Content starts

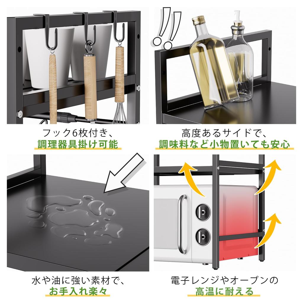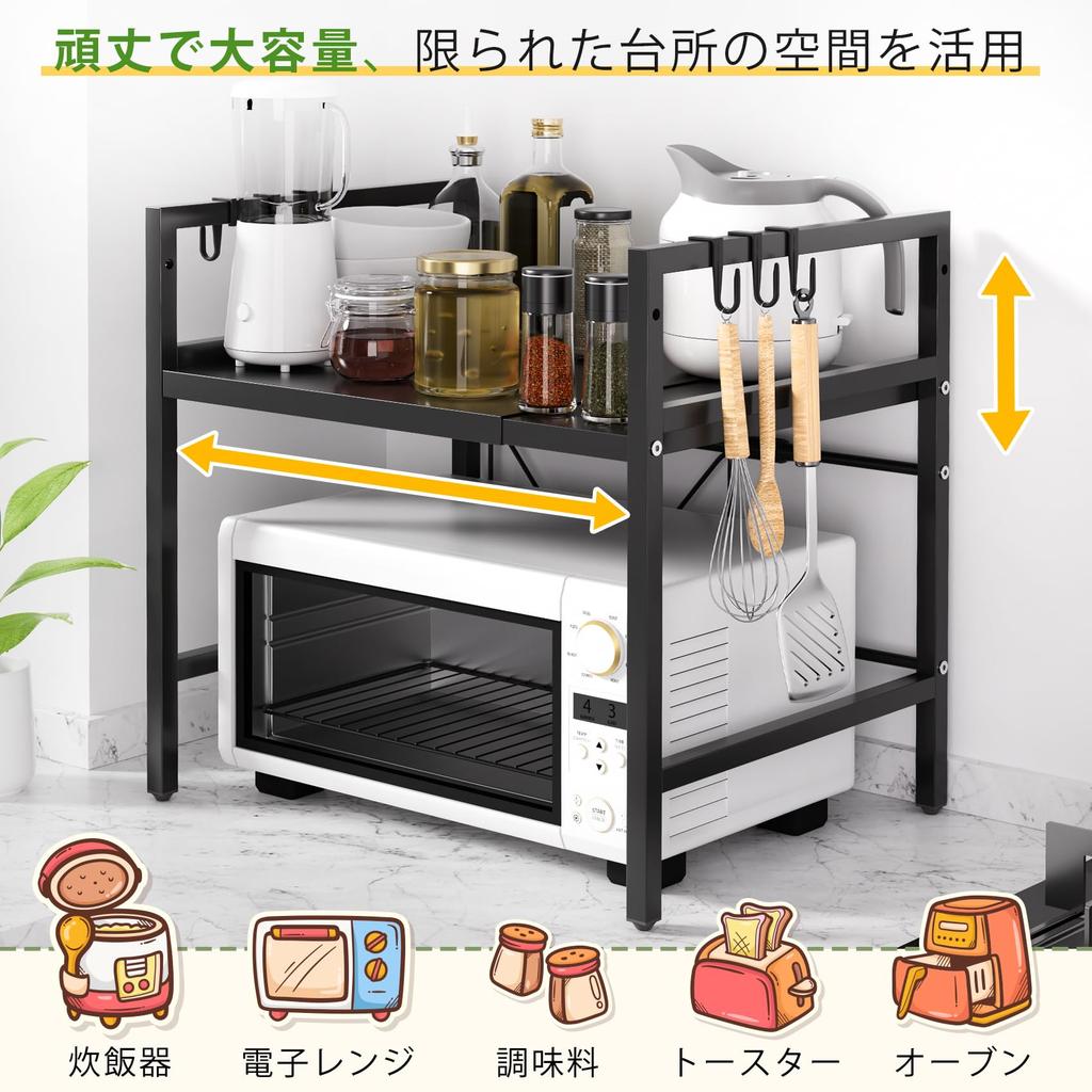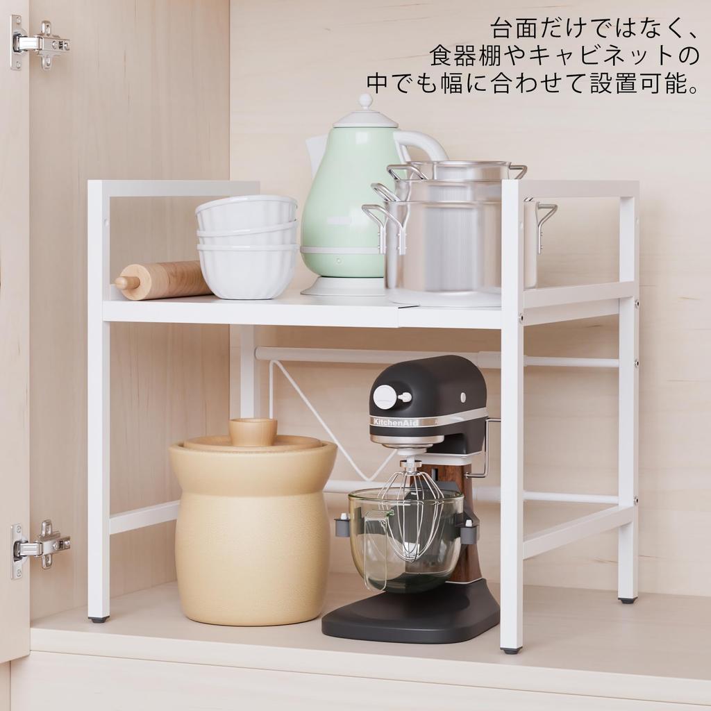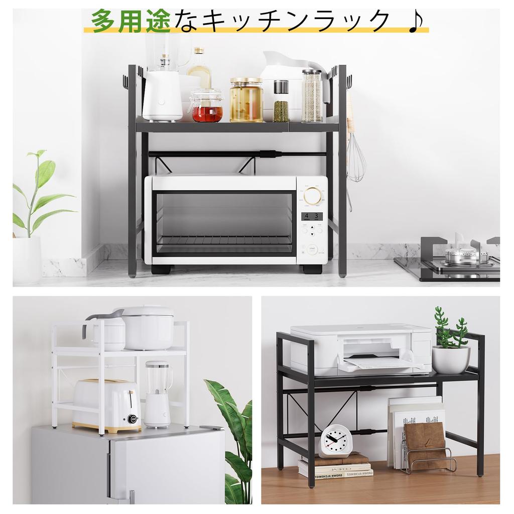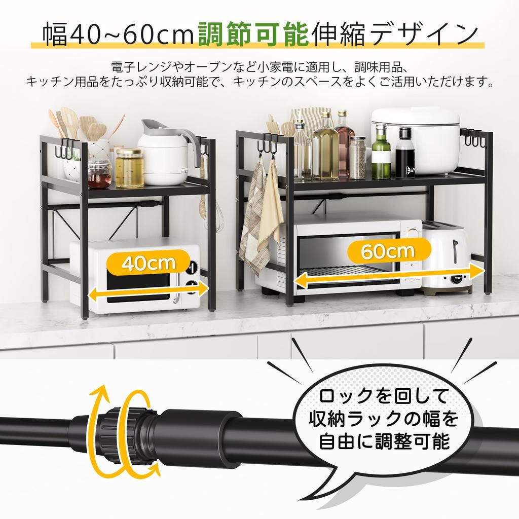 [Ширина 36~60 см, выдвижная] Ширину полки для хранения микроволновой печи можно плавно регулировать в диапазоне примерно 36~60 см. (внутреннее измерение), а ширину стойки можно свободно регулировать, поворачивая фиксатор на телескопической штанге.. Поместив тостер, духовку, рисоварку, приправы и т. д.. все вместе вы можете расширить пространство для приготовления пищи и повысить эффективность ее приготовления.
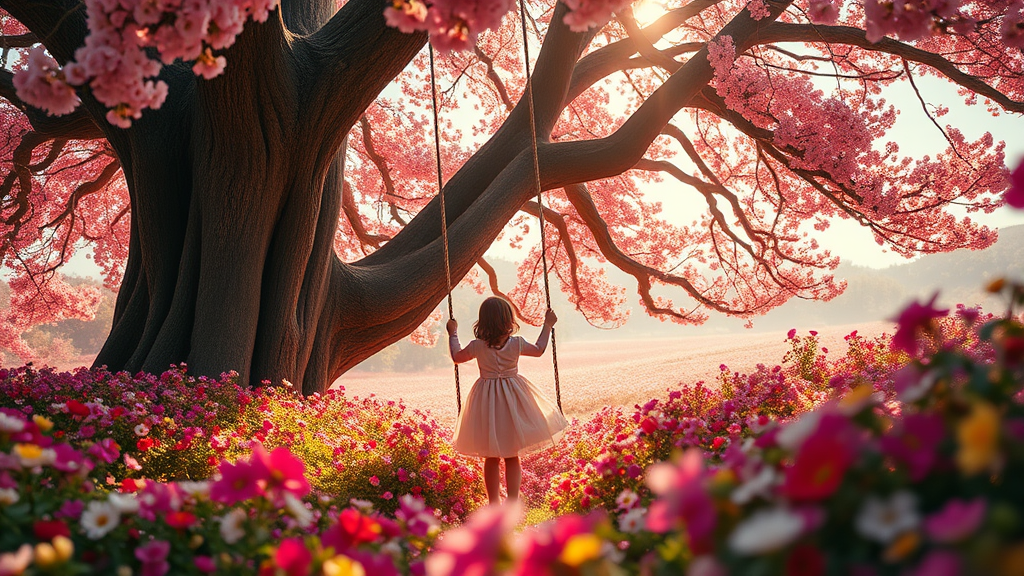 A breathtaking scene of a young girl gracefully swinging beneath a majestic tree, enveloped by a vivid sea of spring flowers in an explosion of color. The image is high quality, capturing the enchanting atmosphere with soft, volumetric lighting. Despite some low resolution and minor textural errors, the charm of the scene prevails. Subtle imperfections like slightly distorted fingers and softly blurred edges add character, though are easily overshadowed by the captivating beauty of the setting. This dreamy landscape invokes a sense of wonder and tranquility, like stepping into a serene, magical world.
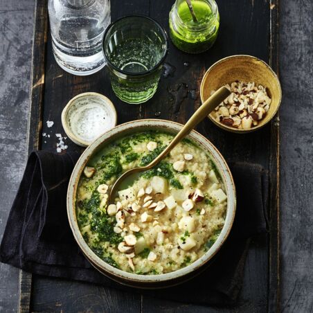 Graupen tragen ihr Image als Eintopf-Langweiler vollkommen zu Unrecht – das beweist dieses Graupen-»Risotto«. Denn langweilig ist hier nichts: cremiges, aber bissfestes Getreide, nussiger Topinambur und zusätzlicher Nuss-Crunch!
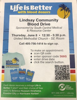 The Lindsay Community Blood Drive will be held at the United Methodist Church from 12:30 p.m. until 5:30 p.m. The church is located at 114 W. Chickasaw in Lindsay.
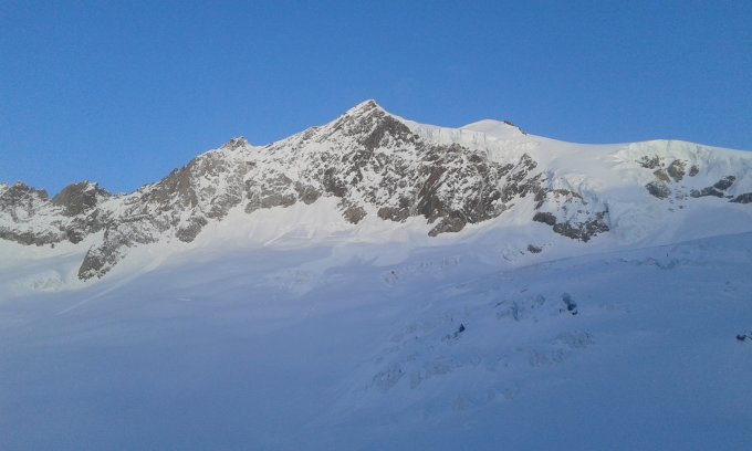 Am nächsten Morgen Abfahrt von Hollandiahütte über grossen Aletschfirn und grossen Aletschgletscher ca. zu Punkt 2200 sehr gut mit wenigen Schiebepassagen. Aufstieg über Mittelaletschgletscher zu Mittelaletschbiwak (P.3013) sehr gut eingeschneit, Spur vorhanden, Nassschneelawinenkegel säumen ein wenig die Spur. Aufstieg Mittelaletschbiwak zu Aletschjoch auf gutem Firn, Gratübergang zu Punkt 3718 einfach, gute Trittspur vorhanden. Weiter Ri Punkt 4087 im oberen Bereich eher mühsam (blank), sind bei ca. 3910m über die Felsrippe ausgewichen und dann zu Skidepot auf ca. 4120m im Pulver hochgespurt. Gipfelgrat gut zu begehen, 2-3 heikle Stellen. Steigeisen und Pickel ein Muss.
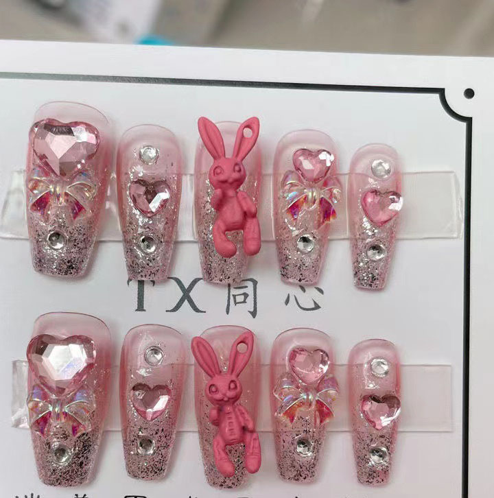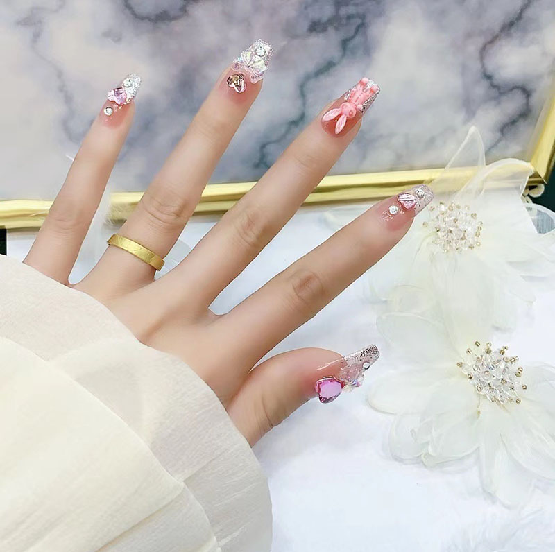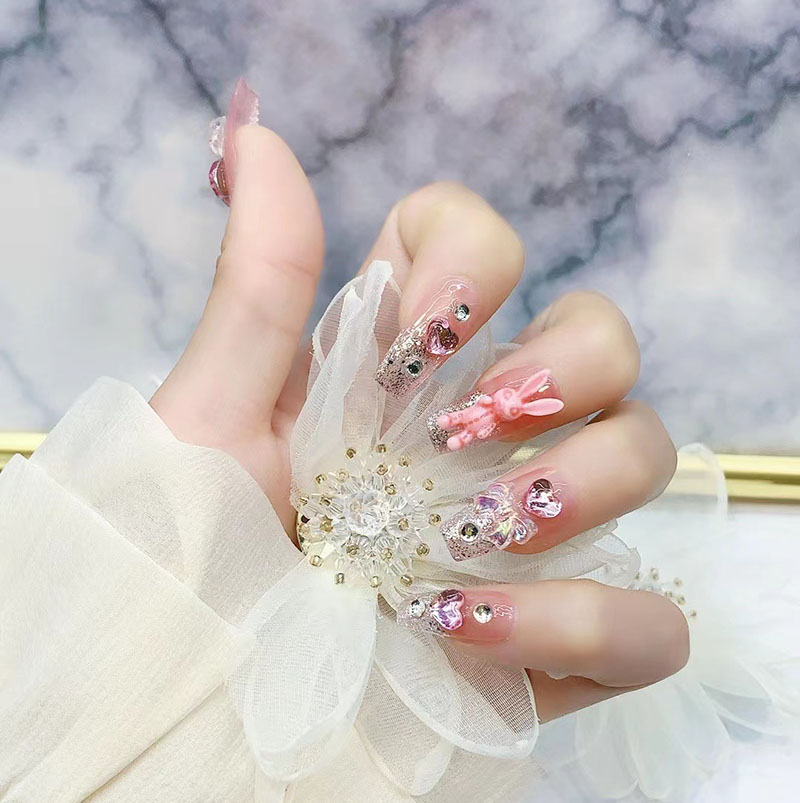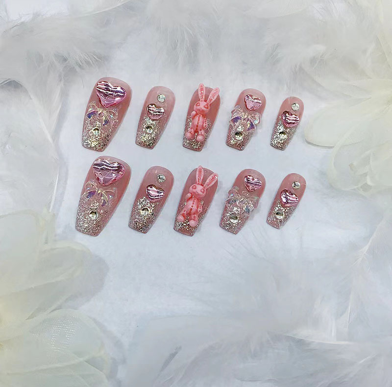 ネイルチップ 10枚入り 全4サイズ 手つくり 淡い アートチップ デザインチップ 付け爪 結婚式 披露宴 成人式 ウエディング キラキラ ハート ウサギ スクエア ロング つけ爪 ショート ブライダ
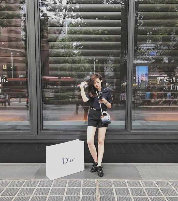 Chiếc túi Dior nhỏ xinh chính là điểm nhấn đắt giá cho set đồ đen năng động của Tú Anh.

Content ends

**Directions:**
Quote all the lines above exactly as given. Do not include the pictures.

**Answer below:**
 [Ширина 36~60 см, выдвижная] Ширину полки для хранения микроволновой печи можно плавно регулировать в диапазоне примерно 36~60 см. (внутреннее измерение), а ширину стойки можно свободно регулировать, поворачивая фиксатор на телескопической штанге.. Поместив тостер, духовку, рисоварку, приправы и т. д.. все вместе вы можете расширить пространство для приготовления пищи и повысить эффективность ее приготовления.
 A breathtaking scene of a young girl gracefully swinging beneath a majestic tree, enveloped by a vivid sea of spring flowers in an explosion of color. The image is high quality, capturing the enchanting atmosphere with soft, volumetric lighting. Despite some low resolution and minor textural errors, the charm of the scene prevails. Subtle imperfections like slightly distorted fingers and softly blurred edges add character, though are easily overshadowed by the captivating beauty of the setting. This dreamy landscape invokes a sense of wonder and tranquility, like stepping into a serene, magical world.
 Graupen tragen ihr Image als Eintopf-Langweiler vollkommen zu Unrecht – das beweist dieses Graupen-»Risotto«. Denn langweilig ist hier nichts: cremiges, aber bissfestes Getreide, nussiger Topinambur und zusätzlicher Nuss-Crunch!
 The Lindsay Community Blood Drive will be held at the United Methodist Church from 12:30 p.m. until 5:30 p.m. The church is located at 114 W. Chickasaw in Lindsay.
 Am nächsten Morgen Abfahrt von Hollandiahütte über grossen Aletschfirn und grossen Aletschgletscher ca. zu Punkt 2200 sehr gut mit wenigen Schiebepassagen. Aufstieg über Mittelaletschgletscher zu Mittelaletschbiwak (P.3013) sehr gut eingeschneit, Spur vorhanden, Nassschneelawinenkegel säumen ein wenig die Spur. Aufstieg Mittelaletschbiwak zu Aletschjoch auf gutem Firn, Gratübergang zu Punkt 3718 einfach, gute Trittspur vorhanden. Weiter Ri Punkt 4087 im oberen Bereich eher mühsam (blank), sind bei ca. 3910m über die Felsrippe ausgewichen und dann zu Skidepot auf ca. 4120m im Pulver hochgespurt. Gipfelgrat gut zu begehen, 2-3 heikle Stellen. Steigeisen und Pickel ein Muss.
 ネイルチップ 10枚入り 全4サイズ 手つくり 淡い アートチップ デザインチップ 付け爪 結婚式 披露宴 成人式 ウエディング キラキラ ハート ウサギ スクエア ロング つけ爪 ショート ブライダ
 Chiếc túi Dior nhỏ xinh chính là điểm nhấn đắt giá cho set đồ đen năng động của Tú Anh.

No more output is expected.